They don’t see a lot of other people, as they mostly stay in the lab during the days and Roan goes off to his quarters or to speak to Clarke in the evening.

He tries to drag her to lunch once, but it’s kind of a disaster (and yet, somehow, also the most fun Raven’s had in a while.) The second they enter the room, everyone falls completely silent. And when people’s conversations pick up again, Raven can tell something’s different: There are hushed whispers instead of animated conversation, and people keep turning their heads to look at them. Raven’s approach, as always, is to just square her shoulders and keep walking, but then someone  hisses something at her and in a flash, her grounder friend has pulled the man off his bench and slammed him to the floor.
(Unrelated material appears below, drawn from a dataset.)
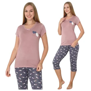 PIŻAMA DAMSKA WISKOZA Z WISKOZY KRÓTKI RĘKAW SPODNIE 3/4 ELEGANCKA LETNIA KOBIECA WYGODNA L Piżama Damska z Krótkim Rękawem i Spodniami 3/4 L- Wygoda i Styl na Dobranoc! Zapraszamy do zapoznania się z naszą wyjątkową piżamą damską, z wiskozy, która łączy w sobie komfort snu i modny design. Idealna dla każdej kobiety ceniącej sobie wygodę i styl. Szukasz idealnej piżamy damskiej? Wybierz naszą! ✨Miękka i delikatna wiskoza 95% z niewielką 5% domieszką elastanu ✨Kolor: różowa bluzka, fioletowe spodnie w serduszka ✨Rozmiar: L ✨Modny i kobiecy wzór ✨Krótki rękaw ✨Długość spodni 3/4 ✨Luźna i wygodna ✨Marka Morella Zamów już dziś i ciesz się wygodnym snem! Dlaczego warto wybrać naszą piżamę damską? Komfortowy sen.

Raven herself couldn’t even make out what the man was saying, so she’s kind of taken unawares by the sudden development (and also possibly distracted by the way throwing around a grown man made Roan’s biceps bulge), but the entire hall has – once again – gone quiet, so she figures it’s only a matter of time before someone calls the guards and Roan gets in trouble. And she can’t have that – he really _is_ a decent assistant by now, and it took her a lot of time and patience to get him there.

So she drags him straight back to her lab, and only when they’re safely inside does it occur to her to ask what the man said:

“He insulted you.”

“What did he say?”

She prepares for the worst and tells herself it can’t hurt her, but she’s not at all expecting his reply:

“He called you a “grounder-pounder”. I assume that was meant as an insult.”

Raven can’t help it, she laughs out loud. This is just too ridiculous. Here she is, the self-imposed social outcast with the leg brace and the incredibly messy workshop, having her honour defended by some grounder who thinks she’s too stupid to realize there’s something more behind his interest in mechanics.

“I’m sorry….,” she draws another wheezing breath. “It’s just that… he called me a grounder-pounder, so you _tackled_ him?”

“They should show you more respect.”

“Well, they won’t, so you better tell me now if you’re planning to do this a lot. Because if you are, I can’t let you out of here again. There are still quite a few of Pike’s supporters left, and they’re probably just waiting for an excuse to off you and make it look like an accident.”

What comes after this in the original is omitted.